Without including any images, repeat the data exactly.

→ **SUPPLIED INFORMATION**
━━━

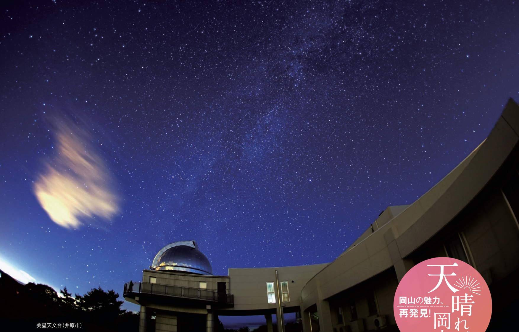
美星天文台(井原市)
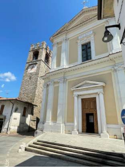
♦La chiesa di San Zenone a Prevalle.

segno di un benessere che si evidenzia nella cura della cosa pubblica. Siamo molto distanti dalle descrizioni di fine Ottocento, quando, dove oggi ci sono ville e villini, si raccoglievano prodotti di un suolo fertilissimo «ben irrigato dal Naviglio Bresciano, con cereali, foraggi, viti, gelsi, frutta e ortaglie» e anche olive sulle prime alture. In passato, il Comune - col nome di Goglione, da "goio", gorgo - era diviso in due distinti nuclei (Sotto e Sopra), oggi non più distinguibili se non per la posizione delle relative chiese. La più importante è quella intitolata a San Zenone, ampliata nel 1818, ma di cui resta, isolato, il bel campanile cinquecentesco dall'aspetto turrito. Nella chiesa si ammira un'opera di Palma il Giovane con l'Assunta e i santi Zenone e Carlo . Ottimo spunto per parlare del vescovo Zenone, venerato a Verona col nome di Zeno, poiché si dovette a lui la salvezza della città da

━━━

→ **ANSWER AREA**
美星天文台(井原市)
♦La chiesa di San Zenone a Prevalle.

segno di un benessere che si evidenzia nella cura della cosa pubblica. Siamo molto distanti dalle descrizioni di fine Ottocento, quando, dove oggi ci sono ville e villini, si raccoglievano prodotti di un suolo fertilissimo «ben irrigato dal Naviglio Bresciano, con cereali, foraggi, viti, gelsi, frutta e ortaglie» e anche olive sulle prime alture. In passato, il Comune - col nome di Goglione, da "goio", gorgo - era diviso in due distinti nuclei (Sotto e Sopra), oggi non più distinguibili se non per la posizione delle relative chiese. La più importante è quella intitolata a San Zenone, ampliata nel 1818, ma di cui resta, isolato, il bel campanile cinquecentesco dall'aspetto turrito. Nella chiesa si ammira un'opera di Palma il Giovane con l'Assunta e i santi Zenone e Carlo . Ottimo spunto per parlare del vescovo Zenone, venerato a Verona col nome di Zeno, poiché si dovette a lui la salvezza della città da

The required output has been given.